Bulging belly and pendulous earlobes aside, Buddha and I have little in common.

This is not for lack of trying.

I have an entire bookshelf sagging under the weight of good intentions and untapped wisdom:
  • Why Buddhism? (why, indeed);
  • Awakening the Buddha Within;
  • Choosing Happiness; 
  • Start Where You Are;
  • The Three Questions;
  • Zen Shorts;
  • Karma Kids; 
  • Buddhism For Mothers; and
  • Buddhism For Mothers Of Schoolchildren.
The title I'm waiting for is "Buddhism-For-Lapsed-Catholic-Dilettante-Mothers-Of-Spirited-Schoolaged-Boys-Living-With-Overachieving-Spouses".

When that hits the shelves, I'll be set.

In the meantime, I am struggling to practice non-attachment.

After three years of planning, dreaming, scheming, yearning, and plain hard work, we finally have the house of our dreams, in our beloved Adelaide Hills.

And my husband has a fantastic new job... in Melbourne.

Once again, life is teaching me that you can have it all, just not necessarily at the same time.

Leaving friends, colleagues, school and our home, Birk Knott, will be sad and difficult.

But we are so fortunate and excited to be landing in Melbourne, where tremendous friends and precious family await, along with all sorts of new adventures and opportunities for exploring.


But first, some "Before & After" snaps of our little project.

It makes me smile.

Maybe it could make you smile - if you're in the market for a tree-change, let me know!

It's a magical spot.


Outside: yellow bricks, small aluminum-framed windows, and lots of lattice-work pergolas.
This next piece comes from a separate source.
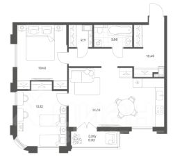Квартира расположена на 10-м этаже площадью 69,06 м².

Inside: a rabbit's warren, with too many doors leading into lots of pokey rooms and a front door that entered directly into the family room where the refrigerator sat

The house was oriented towards the garden (good), but the windows were too small to take in either the views or the sunlight (bad).  

Come winter, we could see our breath indoors.

Cooking involved banging the oven into life (think: old t.v. with rabbit ears and poor reception).  Reaching the top cupboards was tricky if you were less than seven feet tall.

The "Big Room" was like a church hall - great for a crowd, but too vast for every day use.

However, if things inside left a bit to be desired, the surroundings - from every angle and in every season - more than made up for it.  

In truth, we had bought a garden, not a house.

The original owners and sole owners (until we came along) had dedicated themselves to creating a miraculous botanic park.

A house, we reasoned, could be built or transformed in the space of a year (or two).  

Twenty-foot-high camellias take a lifetime.  And someone had already spent theirs making this incredible place.

Plus, in summer, there was the pool.  Built-in racing lines were the cherry on the cake - we have a competitive family!

So, as an interim measure, we painted the outside white.  

White paint is a miracle in a can.  (Blue hydrangeas were our wedding flowers - when we first saw the house, it seemed like an omen.)

And then we got busy planning....  


Our goal was to make the house as special as its setting, while introducing a few modern creature comforts (like heating!) along the way.  

(view from the study)

I'm smiling.  (Not least because the hydrangea, though not visible above, will be back soon.)

This is the result of a fantastic collaboration with three enormously talented individuals: our architect, David Burton of Williams Burton, his associate Sophia Leopardi, and our builder, Rocky Cirroco.  It is impossible to imagine achieving a similar outcome without any one them, or the delightful, dedicated teams that support them.  

All renovations come with their challenges, but, ultimately, this was one of the most creative, energizing and gratifying experiences of my life.     

And it is nice to feel that we will leave this very special place a little more special than we found it.